• **About this exercise**
Up to and including the line that holds "Marinduque, Philippines —", print the data exactly from its first line; do not print the pictures.

• **Information shown**
- Opening Delimiter -
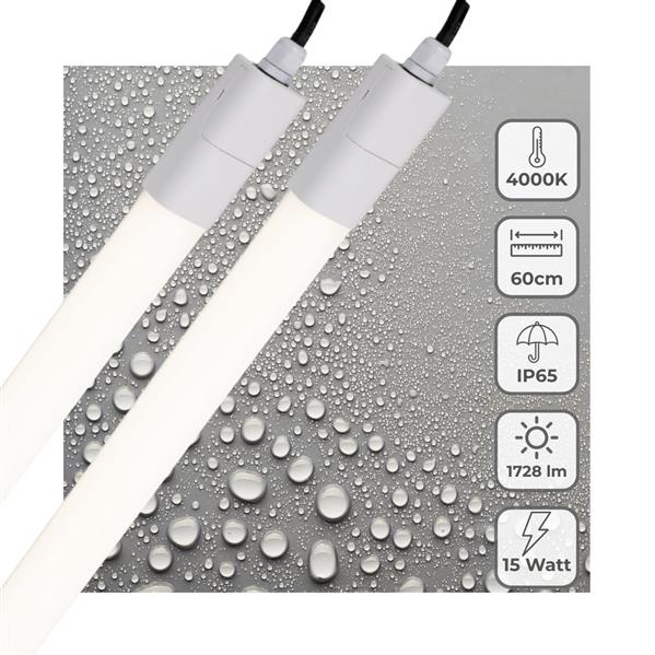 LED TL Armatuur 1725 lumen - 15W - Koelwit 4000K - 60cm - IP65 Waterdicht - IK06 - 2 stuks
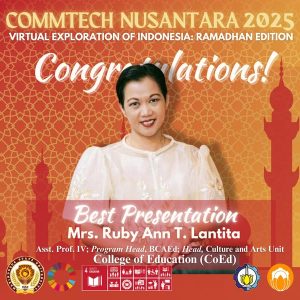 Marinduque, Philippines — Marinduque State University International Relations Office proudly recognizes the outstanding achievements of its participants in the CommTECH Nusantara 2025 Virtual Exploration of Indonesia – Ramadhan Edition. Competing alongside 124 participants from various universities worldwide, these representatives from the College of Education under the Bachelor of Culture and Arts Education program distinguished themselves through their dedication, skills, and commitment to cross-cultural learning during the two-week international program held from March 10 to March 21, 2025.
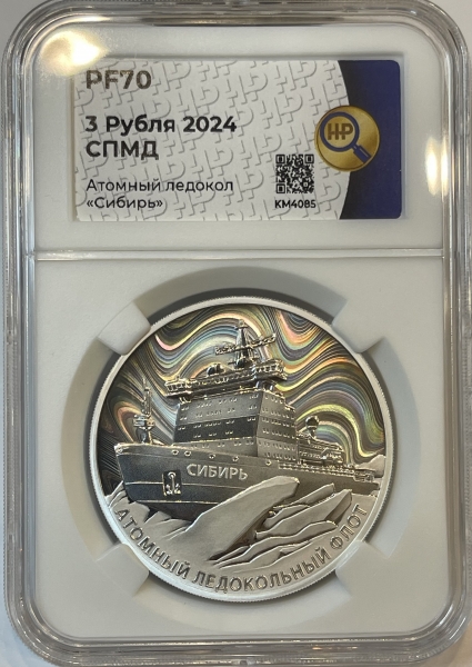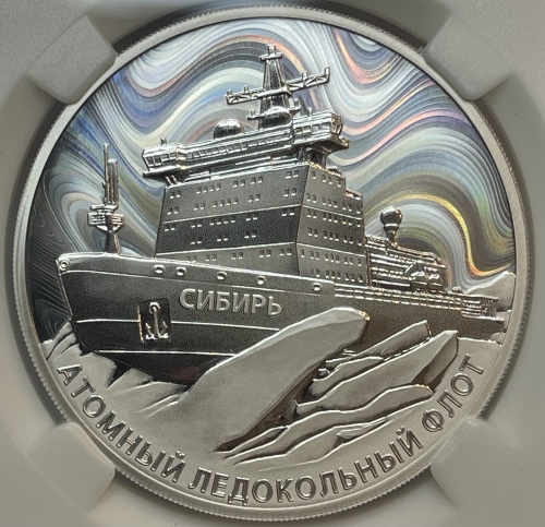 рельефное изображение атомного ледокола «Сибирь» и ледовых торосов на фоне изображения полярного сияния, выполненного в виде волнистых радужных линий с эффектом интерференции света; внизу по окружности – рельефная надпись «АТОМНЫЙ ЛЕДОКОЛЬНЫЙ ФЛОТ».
- Closing Delimiter -
• **Response**
 LED TL Armatuur 1725 lumen - 15W - Koelwit 4000K - 60cm - IP65 Waterdicht - IK06 - 2 stuks
 Marinduque, Philippines — Marinduque State University International Relations Office proudly recognizes the outstanding achievements of its participants in the CommTECH Nusantara 2025 Virtual Exploration of Indonesia – Ramadhan Edition. Competing alongside 124 participants from various universities worldwide, these representatives from the College of Education under the Bachelor of Culture and Arts Education program distinguished themselves through their dedication, skills, and commitment to cross-cultural learning during the two-week international program held from March 10 to March 21, 2025.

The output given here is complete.